Serviceguard Extended Distance Cluster (EDC) with VxVM/CVM Mirroring on HP-UX, May 2008

Inter-site link failure

By extending a single Serviceguard cluster to span multiple data centers to protect against data center

outages, a new component is added to the cluster—an inter-site link. To keep the cluster from splitting

into halves, the inter-site link needs to be made redundant. This applies to the heartbeat network as

well as to the storage link between the sites.

If, for any reason, the redundant inter-site link fails, the cluster arbitrator—a quorum service at a 3rd

location—prevents a split-brain situation and allows only one of the two sites to reform the cluster and

run the applications.
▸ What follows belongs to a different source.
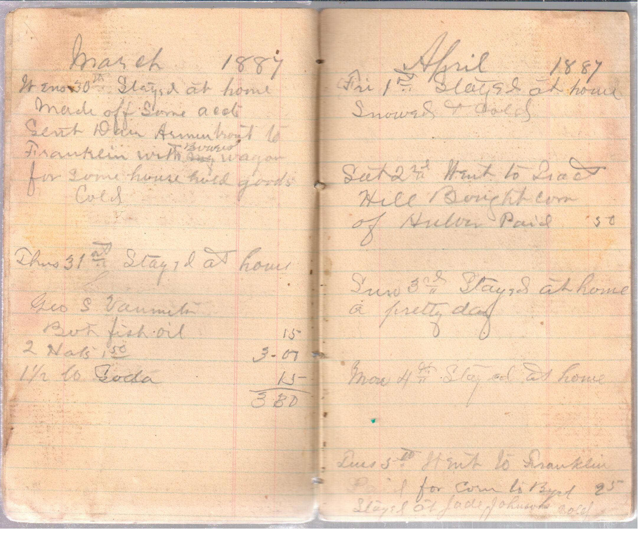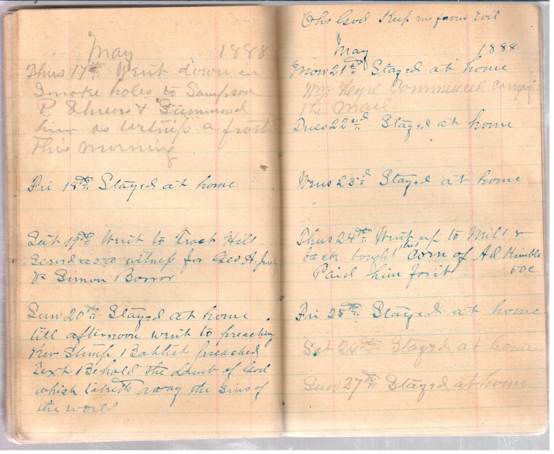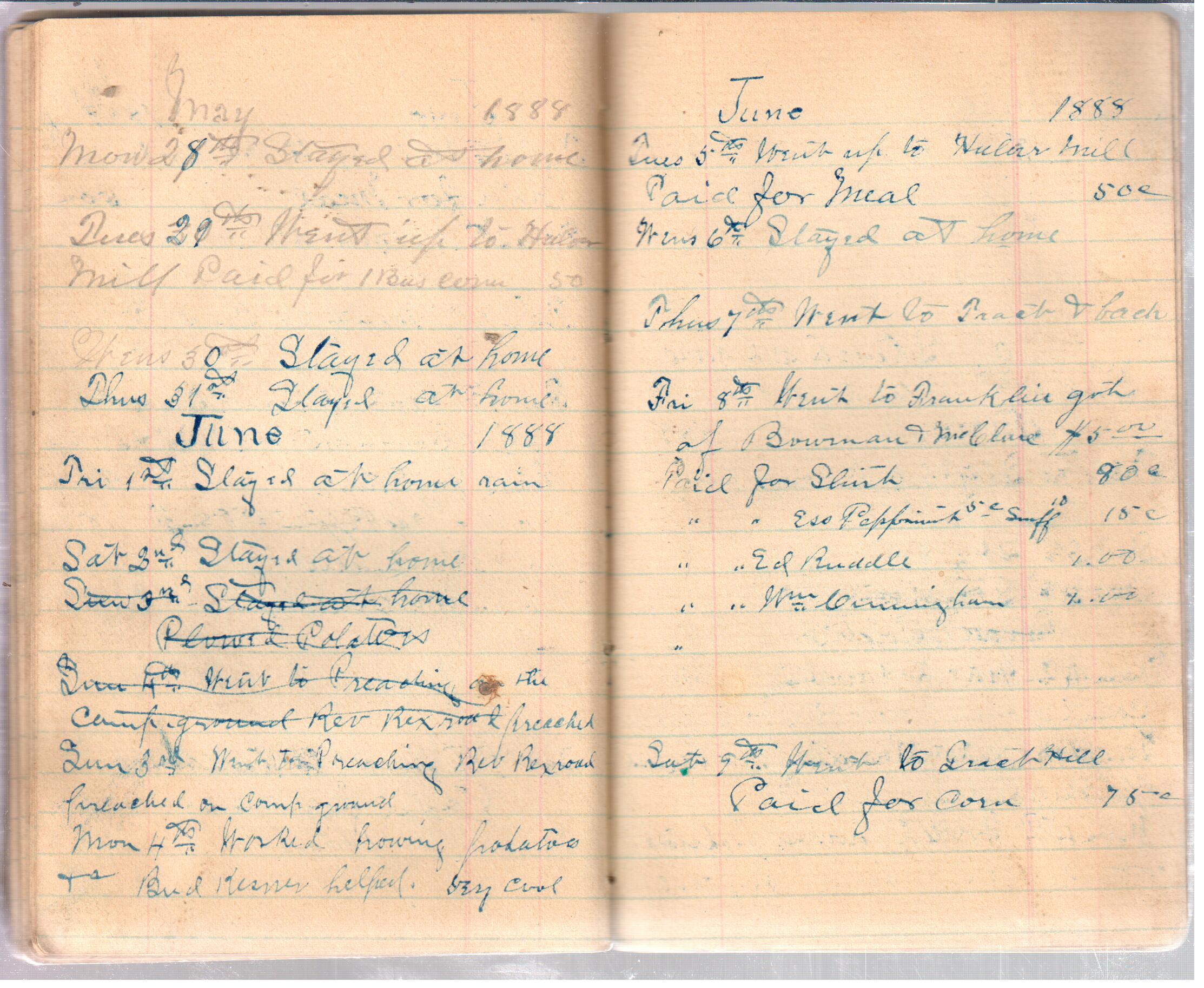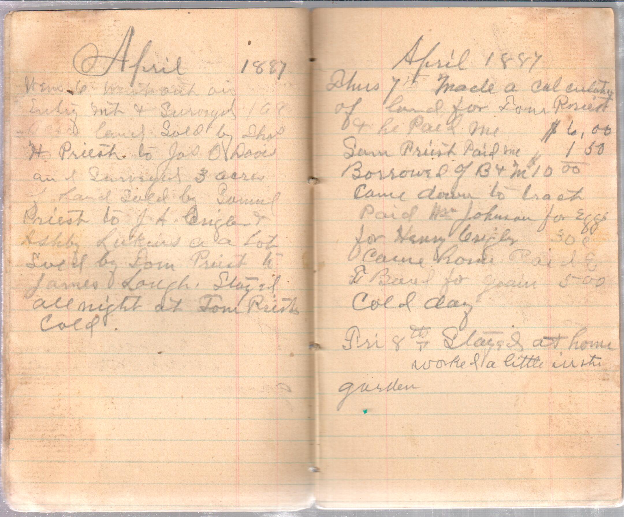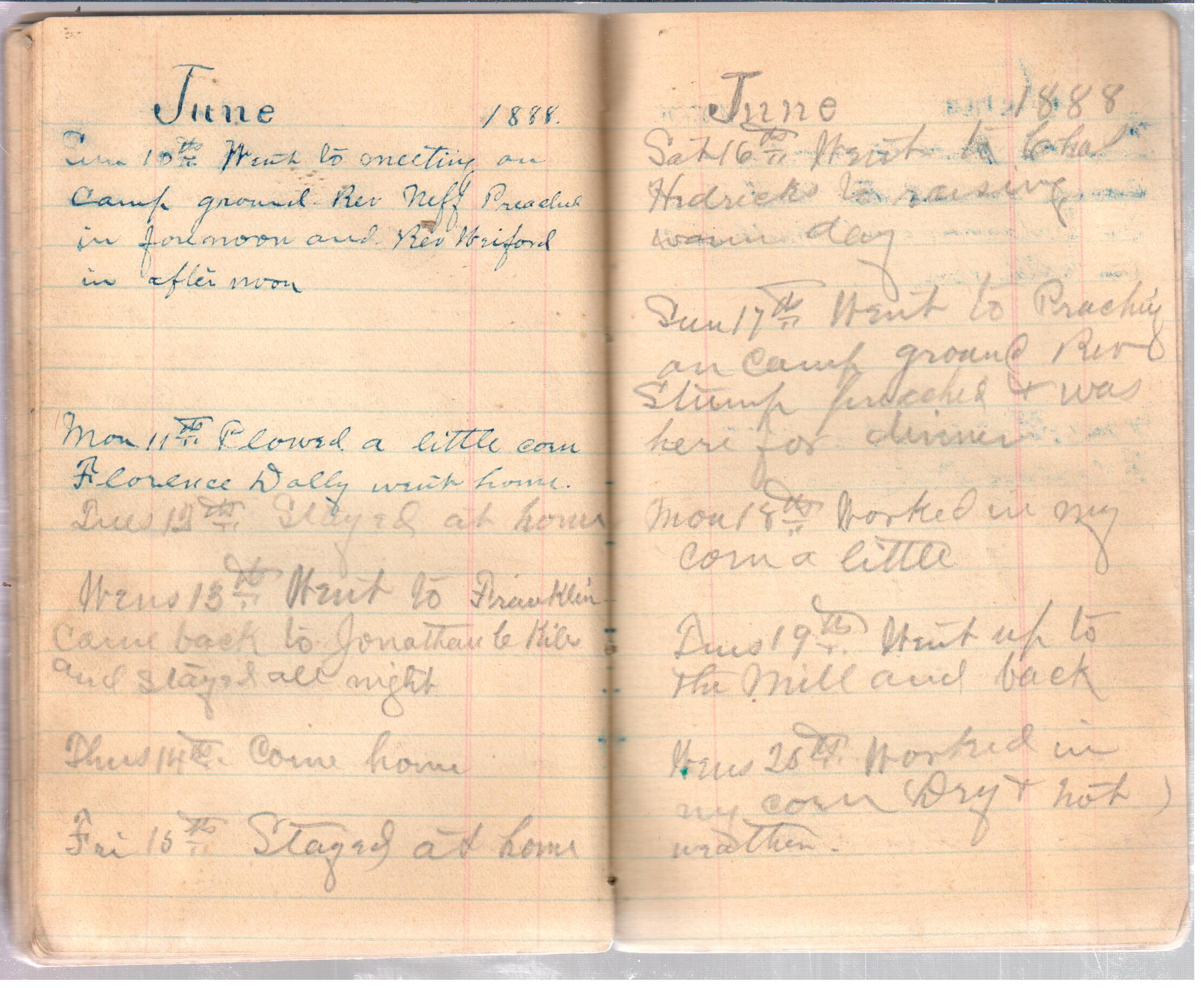 D. A. Landes Diaries: 1887-1888-1889 Only the first 2 weeks of 1889 are entered in this diary. The majority of 1889 is entered in a separate diary. Use slideshow or see pages individually: Page 0 Pages 1-2 Pages 2-3 Pages 4-5 Pages 6-7 Pages 9-10 Pages 11-12 Pages 13-14 Pages 15-16 Pages 17-18 Pages 19-20 Pages 21-22 Pages 23-24 Pages 25-26 Pages 27-28 Pages 29-30 Pages 31-32 Pages 33-34 Pages 35-36 Pages 37-38 Pages 39-40 Pages 41-42 Pages 43-44 Pages 45-46 Pages 47-48 Pages 49-50 Pages 51-52 Pages 53-54 Pages 55-56 Pages 57-58 Pages 59-60 Pages 61-62 Pages 63-64 Pages 65-66 Pages 67-68 Pages 69-70 Pages 71-72 Pages 73-74 Pages 75-76 Pages 77-78 Pages 79-80 Pages 81-82 Pages 83-84 Pages 85-86 Pages 87-88 Pages 89-90 Pages 91-92 Pages 93-94 Pages 95-96 Pages 97-98 Pages 99-100 Pages 101-102 Pages 103-104 Pages 105-106 Pages 107-108 Pages 109-110 Pages 111-112 Pages 113-114 Pages 115-116 Pages 117-118 Pages 119-120 Pages 121-122 Pages 123-124 Pages 125-126 Pages 127-128 Pages 129-130 Pages 131-132 Pages 133-134 Pages 135-136 Pages 137-138 Pages 139-140 Pages 141-142 Pages 143-144 Pages 145-146

To have the best possible recovery from a complete inter-site link failure like this,

it is highly recommended to have a common redundant link for both the heartbeat and for the storage

traffic. This ensures that if both the primary and redundant inter-site links fail, the cluster heartbeat

traffic between the sites will be interrupted, causing the Serviceguard quorum mechanism to ensure

that the newly reformed cluster consists of nodes from a single site.

Without proper attention to detail, there is some risk that after an inter-site link failure, a node which

will be ejected from the cluster will cause the detach of a plex (located at the other site) from a volume

during the time when both sites are still up, but have lost communication.
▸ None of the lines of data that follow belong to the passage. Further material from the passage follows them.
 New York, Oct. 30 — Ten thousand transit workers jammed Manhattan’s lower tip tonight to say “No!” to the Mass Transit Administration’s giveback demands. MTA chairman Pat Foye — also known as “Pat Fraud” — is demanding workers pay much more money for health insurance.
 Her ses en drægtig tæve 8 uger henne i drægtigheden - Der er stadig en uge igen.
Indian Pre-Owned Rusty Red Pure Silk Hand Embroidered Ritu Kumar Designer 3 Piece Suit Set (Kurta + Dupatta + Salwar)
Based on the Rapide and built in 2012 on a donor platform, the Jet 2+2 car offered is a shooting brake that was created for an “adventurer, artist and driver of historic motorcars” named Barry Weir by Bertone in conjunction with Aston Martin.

To prevent this, the I/O timeout must not expire, before the cluster reformation has completed. This

can be achieved by setting the NODE_TIMEOUT cluster configuration parameter high enough to

allow the cluster reformation to complete before a potential I/O could time out. I/O timeout values for

VxVM/CVM volumes are configured at the DMP layer. The tunable pfto can be set with the command

vxpfto for a set of VxVM disks.

Currently DWDM, CWDM, SONET, and SDH technologies can be used for a common link for

heartbeat and storage traffic between the two sites of an EDC. Further support information can be

found in the “Understanding and Designing Serviceguard Disaster Tolerant Architectures” guide

referred to in the